Celeste Ochoa remembers being scared the first time she left her city home in Brooklyn to spend a week in a small, rural town.
Yet Ochoa’s time as a Fresh Air Fund kid, which included many summers coming to Amherst, proved to be such a wonderful experience for her that she returned this week to visit her local family, for the first time since the pandemic.
“Definitely a chance for different opportunities, creating your own individualism and baby steps of creating your own life,” Ochoa said of her time in the program, as she sat poolside at an Amherst home on a hot and humid afternoon on Aug. 7.
Attending the pool party for Fresh Air families and their guests hosted by her Fresh Air Fund mother Jeanne Esposito, Ochoa, 20, is just weeks from beginning basic training for the U.S. Army, where she will be a water treatment specialist.
Reflecting on the time she spent in Amherst while in Fresh Air, including volunteering at a blood drive and a local farm, camping in a tent, and going on a hike through an old-growth forest, Ochoa says it was always a nice change of scenery from the city.
“We’re surrounded by nature here — you don’t have a choice,” Ochoa said, calling Esposito’s home her vacation apartment.
For Esposito, whose family has hosted Fresh Air children for more than 20 years, Ochoa’s situation illustrates how participants benefit from the program, which is in the process of being restored after disruptions caused by COVID-19.
“It’s just love,” Esposito said. “That pretty much defines the program.”
Each summer, children visit volunteer host families in rural, suburban and small-town communities along the East Coast. Young people also can participate in year-round leadership, career exploration and educational programs.
Esposito said she has great respect for the way the Fresh Air Fund handles its mission. Founded in 1877, the not-for-profit youth development organization has provided free, life-changing summer experiences in the outdoors to more than 1.8 million children from New York City’s underserved communities. Children who participate live in the five boroughs, are ages 7-18, with most new guests 8 or 9, and are eligible for free or reduced lunch under USDA income guidelines.
Esposito learned about the program when teaching in New York City, making a promise to herself that when she had a career and a home with a backyard, she would welcome Fresh Air children.
Over the 22 years she has been a host family, Esposito has worked with fellow Amherst representative Susan Morrello to create a Friendly Towns program, recruiting families from the Vermont border to the Connecticut state line as representatives for the Pioneer Valley.
The process for getting more host families for next year, including interviewing them and having them fill out questionnaires, is beginning.
Like many programs starting up again after being shut down by COVID, Fresh Air is operating on a greatly reduced basis.
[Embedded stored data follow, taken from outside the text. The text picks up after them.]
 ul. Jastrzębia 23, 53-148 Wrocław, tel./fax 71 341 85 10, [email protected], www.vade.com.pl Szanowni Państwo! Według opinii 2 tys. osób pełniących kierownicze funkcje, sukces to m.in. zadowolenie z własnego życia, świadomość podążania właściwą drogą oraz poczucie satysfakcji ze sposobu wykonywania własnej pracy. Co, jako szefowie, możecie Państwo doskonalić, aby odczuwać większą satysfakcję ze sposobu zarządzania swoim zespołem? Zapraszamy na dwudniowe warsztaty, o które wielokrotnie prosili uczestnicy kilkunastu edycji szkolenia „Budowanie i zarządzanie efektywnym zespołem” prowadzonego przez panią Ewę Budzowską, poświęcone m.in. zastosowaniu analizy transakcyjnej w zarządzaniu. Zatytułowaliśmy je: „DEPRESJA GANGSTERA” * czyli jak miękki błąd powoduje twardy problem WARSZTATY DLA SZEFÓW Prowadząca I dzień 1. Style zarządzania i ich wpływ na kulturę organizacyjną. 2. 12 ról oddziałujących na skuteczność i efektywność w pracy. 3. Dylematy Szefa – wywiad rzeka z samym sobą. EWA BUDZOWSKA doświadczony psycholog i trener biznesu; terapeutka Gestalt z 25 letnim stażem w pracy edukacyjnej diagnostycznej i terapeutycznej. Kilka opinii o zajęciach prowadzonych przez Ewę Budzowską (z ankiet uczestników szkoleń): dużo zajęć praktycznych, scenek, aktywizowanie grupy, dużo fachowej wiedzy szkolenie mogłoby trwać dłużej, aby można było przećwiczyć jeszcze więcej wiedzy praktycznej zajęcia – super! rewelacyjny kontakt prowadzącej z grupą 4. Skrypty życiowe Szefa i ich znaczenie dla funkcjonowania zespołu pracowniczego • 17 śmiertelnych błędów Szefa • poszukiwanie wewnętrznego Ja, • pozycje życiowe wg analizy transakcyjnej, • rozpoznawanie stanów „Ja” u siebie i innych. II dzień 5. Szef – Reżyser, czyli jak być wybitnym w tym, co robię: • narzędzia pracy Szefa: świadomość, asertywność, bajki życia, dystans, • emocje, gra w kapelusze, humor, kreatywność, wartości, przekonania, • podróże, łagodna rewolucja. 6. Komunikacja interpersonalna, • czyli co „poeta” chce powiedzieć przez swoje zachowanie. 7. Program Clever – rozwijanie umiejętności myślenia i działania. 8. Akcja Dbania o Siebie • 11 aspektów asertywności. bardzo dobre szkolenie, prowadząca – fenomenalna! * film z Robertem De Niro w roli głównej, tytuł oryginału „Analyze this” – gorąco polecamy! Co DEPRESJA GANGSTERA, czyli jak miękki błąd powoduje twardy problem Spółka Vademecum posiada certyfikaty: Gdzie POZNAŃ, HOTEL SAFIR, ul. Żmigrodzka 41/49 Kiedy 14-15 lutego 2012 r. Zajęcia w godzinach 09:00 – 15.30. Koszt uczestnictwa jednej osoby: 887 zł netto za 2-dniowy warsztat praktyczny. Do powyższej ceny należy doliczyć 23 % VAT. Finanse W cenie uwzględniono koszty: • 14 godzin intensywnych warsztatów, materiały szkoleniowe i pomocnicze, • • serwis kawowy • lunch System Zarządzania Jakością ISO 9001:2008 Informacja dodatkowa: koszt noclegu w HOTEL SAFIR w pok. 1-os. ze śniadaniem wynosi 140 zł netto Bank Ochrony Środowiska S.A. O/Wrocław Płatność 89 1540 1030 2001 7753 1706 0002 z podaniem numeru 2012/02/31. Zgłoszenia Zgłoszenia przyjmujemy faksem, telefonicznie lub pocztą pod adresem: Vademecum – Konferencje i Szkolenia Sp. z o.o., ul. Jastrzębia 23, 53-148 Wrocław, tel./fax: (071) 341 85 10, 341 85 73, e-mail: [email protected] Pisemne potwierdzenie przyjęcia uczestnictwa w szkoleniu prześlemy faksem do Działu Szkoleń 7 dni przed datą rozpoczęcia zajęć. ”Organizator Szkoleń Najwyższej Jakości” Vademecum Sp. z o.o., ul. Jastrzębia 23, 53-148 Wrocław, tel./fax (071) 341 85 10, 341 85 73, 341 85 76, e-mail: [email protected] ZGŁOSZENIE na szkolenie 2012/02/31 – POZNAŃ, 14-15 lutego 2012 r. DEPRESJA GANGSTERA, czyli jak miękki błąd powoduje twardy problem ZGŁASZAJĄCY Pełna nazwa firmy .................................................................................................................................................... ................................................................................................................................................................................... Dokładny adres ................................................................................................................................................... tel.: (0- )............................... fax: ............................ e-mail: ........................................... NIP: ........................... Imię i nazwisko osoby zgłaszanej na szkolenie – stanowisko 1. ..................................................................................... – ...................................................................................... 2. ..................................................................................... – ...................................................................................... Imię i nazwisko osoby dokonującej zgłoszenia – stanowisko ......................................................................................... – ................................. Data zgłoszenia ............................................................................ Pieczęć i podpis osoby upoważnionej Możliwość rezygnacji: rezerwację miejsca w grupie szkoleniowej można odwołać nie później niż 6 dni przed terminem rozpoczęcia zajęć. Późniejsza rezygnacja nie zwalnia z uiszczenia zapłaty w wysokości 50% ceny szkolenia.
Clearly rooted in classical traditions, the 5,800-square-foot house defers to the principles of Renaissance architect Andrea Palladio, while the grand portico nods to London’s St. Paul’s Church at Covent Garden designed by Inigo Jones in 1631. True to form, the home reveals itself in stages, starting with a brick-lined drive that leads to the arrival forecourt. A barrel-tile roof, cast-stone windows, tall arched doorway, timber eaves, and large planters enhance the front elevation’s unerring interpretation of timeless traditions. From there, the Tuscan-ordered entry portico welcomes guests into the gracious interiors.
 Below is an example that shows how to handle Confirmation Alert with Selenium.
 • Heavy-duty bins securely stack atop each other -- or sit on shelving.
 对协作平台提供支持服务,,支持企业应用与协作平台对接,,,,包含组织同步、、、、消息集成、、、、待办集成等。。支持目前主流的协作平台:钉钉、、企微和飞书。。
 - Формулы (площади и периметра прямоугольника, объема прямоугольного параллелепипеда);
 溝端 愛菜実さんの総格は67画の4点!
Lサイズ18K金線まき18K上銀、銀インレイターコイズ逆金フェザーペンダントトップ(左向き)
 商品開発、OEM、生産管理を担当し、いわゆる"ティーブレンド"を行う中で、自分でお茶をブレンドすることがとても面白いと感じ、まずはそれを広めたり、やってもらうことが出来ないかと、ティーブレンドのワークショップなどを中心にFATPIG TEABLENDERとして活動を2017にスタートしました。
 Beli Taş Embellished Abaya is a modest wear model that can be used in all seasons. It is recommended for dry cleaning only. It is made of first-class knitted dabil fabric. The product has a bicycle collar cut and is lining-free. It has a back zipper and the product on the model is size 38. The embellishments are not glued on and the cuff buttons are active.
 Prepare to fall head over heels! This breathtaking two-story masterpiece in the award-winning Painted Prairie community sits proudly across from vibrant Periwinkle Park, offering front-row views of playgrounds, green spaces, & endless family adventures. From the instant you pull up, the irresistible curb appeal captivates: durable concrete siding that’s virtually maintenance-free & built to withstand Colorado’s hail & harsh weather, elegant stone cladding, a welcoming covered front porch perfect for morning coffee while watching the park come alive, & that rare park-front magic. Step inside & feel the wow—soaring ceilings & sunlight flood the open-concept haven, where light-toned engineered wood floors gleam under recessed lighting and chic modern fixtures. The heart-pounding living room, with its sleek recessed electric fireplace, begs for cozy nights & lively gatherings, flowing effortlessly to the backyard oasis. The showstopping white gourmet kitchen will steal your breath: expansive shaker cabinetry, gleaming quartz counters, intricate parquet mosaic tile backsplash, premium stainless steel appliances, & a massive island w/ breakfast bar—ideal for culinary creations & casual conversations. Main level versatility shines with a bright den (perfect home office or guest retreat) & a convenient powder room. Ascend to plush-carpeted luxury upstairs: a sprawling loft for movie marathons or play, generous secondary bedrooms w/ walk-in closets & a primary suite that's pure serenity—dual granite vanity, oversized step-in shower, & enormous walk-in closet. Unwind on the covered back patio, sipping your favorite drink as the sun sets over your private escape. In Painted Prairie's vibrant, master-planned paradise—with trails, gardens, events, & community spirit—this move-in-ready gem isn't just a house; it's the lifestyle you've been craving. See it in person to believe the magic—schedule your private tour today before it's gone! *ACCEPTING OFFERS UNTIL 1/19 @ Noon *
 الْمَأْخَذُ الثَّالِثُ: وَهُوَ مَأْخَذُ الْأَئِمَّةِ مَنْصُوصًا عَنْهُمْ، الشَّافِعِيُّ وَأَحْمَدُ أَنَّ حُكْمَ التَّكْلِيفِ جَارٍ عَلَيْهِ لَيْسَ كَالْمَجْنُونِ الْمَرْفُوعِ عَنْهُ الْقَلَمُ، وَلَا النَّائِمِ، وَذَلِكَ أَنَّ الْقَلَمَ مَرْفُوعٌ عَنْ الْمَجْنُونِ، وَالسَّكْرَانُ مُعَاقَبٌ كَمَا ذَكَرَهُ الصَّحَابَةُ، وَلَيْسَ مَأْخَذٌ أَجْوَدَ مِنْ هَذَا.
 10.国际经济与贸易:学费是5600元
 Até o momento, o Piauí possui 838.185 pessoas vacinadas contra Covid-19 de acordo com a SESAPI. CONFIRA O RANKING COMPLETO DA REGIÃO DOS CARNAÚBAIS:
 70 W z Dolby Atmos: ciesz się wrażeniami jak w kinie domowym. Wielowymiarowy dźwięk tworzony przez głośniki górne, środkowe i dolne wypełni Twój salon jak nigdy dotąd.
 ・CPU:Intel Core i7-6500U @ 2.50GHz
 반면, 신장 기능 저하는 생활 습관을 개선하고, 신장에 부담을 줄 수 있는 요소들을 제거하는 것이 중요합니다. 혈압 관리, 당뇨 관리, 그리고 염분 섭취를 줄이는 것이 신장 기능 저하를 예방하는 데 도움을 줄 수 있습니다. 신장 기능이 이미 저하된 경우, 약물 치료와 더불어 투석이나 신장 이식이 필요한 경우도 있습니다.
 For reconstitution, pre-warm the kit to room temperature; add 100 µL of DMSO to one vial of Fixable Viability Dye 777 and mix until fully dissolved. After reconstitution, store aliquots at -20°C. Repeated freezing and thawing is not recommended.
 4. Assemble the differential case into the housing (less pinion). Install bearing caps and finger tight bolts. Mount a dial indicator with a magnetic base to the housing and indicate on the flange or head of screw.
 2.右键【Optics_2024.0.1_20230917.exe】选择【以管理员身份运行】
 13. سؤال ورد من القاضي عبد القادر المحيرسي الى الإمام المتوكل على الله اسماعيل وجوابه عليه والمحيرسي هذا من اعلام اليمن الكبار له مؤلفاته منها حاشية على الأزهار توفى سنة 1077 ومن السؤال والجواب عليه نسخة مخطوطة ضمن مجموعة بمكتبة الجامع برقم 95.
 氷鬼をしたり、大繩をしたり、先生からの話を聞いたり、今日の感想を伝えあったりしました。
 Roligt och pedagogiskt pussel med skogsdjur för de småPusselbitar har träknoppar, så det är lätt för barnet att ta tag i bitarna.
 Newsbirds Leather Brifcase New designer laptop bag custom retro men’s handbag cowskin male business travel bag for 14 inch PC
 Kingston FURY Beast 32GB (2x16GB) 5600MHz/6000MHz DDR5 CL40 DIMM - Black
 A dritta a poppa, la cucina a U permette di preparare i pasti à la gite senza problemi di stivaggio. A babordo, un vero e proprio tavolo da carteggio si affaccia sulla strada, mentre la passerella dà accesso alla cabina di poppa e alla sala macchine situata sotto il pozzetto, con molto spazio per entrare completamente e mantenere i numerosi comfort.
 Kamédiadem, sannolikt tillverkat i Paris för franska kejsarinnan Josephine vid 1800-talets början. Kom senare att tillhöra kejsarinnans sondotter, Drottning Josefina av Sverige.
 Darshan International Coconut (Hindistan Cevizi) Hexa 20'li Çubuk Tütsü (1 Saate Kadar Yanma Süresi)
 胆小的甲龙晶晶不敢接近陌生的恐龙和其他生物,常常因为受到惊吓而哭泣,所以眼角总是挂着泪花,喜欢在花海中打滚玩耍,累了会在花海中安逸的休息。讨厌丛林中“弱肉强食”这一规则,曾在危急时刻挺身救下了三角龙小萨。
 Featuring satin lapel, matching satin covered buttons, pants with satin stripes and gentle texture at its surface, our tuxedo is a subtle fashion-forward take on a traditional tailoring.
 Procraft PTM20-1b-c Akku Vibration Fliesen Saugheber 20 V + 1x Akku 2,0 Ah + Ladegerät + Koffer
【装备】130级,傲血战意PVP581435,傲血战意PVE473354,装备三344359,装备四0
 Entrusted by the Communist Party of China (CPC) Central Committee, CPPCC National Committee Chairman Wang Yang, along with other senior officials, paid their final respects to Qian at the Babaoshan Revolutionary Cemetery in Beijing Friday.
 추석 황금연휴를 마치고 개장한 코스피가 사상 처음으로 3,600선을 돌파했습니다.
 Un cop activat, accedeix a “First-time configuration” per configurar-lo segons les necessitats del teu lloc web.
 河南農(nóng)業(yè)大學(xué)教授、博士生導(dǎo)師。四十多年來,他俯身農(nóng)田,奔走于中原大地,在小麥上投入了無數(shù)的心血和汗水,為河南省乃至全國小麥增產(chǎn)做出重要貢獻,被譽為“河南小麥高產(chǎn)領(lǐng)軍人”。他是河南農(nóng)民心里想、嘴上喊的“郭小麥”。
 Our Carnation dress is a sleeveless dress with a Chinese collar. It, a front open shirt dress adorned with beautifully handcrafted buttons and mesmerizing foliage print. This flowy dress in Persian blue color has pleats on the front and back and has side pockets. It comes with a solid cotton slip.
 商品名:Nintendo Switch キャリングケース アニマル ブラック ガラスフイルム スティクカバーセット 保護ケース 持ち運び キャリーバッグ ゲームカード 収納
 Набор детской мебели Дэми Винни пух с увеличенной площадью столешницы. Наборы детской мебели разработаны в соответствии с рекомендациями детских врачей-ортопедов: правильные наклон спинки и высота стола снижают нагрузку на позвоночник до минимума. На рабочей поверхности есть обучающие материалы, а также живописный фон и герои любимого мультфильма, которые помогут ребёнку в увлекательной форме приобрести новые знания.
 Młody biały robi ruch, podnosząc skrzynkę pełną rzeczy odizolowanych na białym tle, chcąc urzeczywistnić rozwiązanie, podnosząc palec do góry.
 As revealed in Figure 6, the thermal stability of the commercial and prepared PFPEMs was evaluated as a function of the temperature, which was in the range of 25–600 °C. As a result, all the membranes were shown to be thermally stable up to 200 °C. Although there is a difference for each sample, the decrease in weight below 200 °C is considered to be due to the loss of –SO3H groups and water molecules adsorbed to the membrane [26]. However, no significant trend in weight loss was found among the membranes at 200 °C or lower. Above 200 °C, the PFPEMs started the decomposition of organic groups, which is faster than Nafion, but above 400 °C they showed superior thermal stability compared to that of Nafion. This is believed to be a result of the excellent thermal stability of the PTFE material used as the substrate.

While 50 to 60 children were coming from the city to the area each summer for one- or two-week stays before the pandemic, just four children are in the region this summer, following two summers when the program was on hiatus.
This year, stipulations were put in place that children had to stay with families within a three-hour range, and had to have a previous relationship with those families.
While her first role is hosting, Esposito also gets out information through advertisements and recruits families, and makes sure that when the bus arrives from New York, support is available to children and families. Fresh Air pays for all start-up costs, security checks, home visits, and the bus ride, and each child is also insured.
Nicole Johsnon, director of the Friendly Towns program for the Fresh Air Fund, said in a statement that the Pioneer Valley has been a wonderful place for city youth to travel. “We look forward to working with our dedicated volunteers and host families in the area to build the program again in the future,” Johnston said.
Esposito said the children she has hosted over the years can be “hilariously funny,” as they see life differently when she takes them to a farmers market or another place they can’t experience in the city.
In addition, she appreciates that Fresh Air Fund is a celebration of courage, noting that often she will make trips to the ocean, where kids can experience waves for the first time, and she said she has taught so many children to swim over the years.
She is confident others will be ready to be part of the program.
“Little by little we’ll build back,” Esposito said.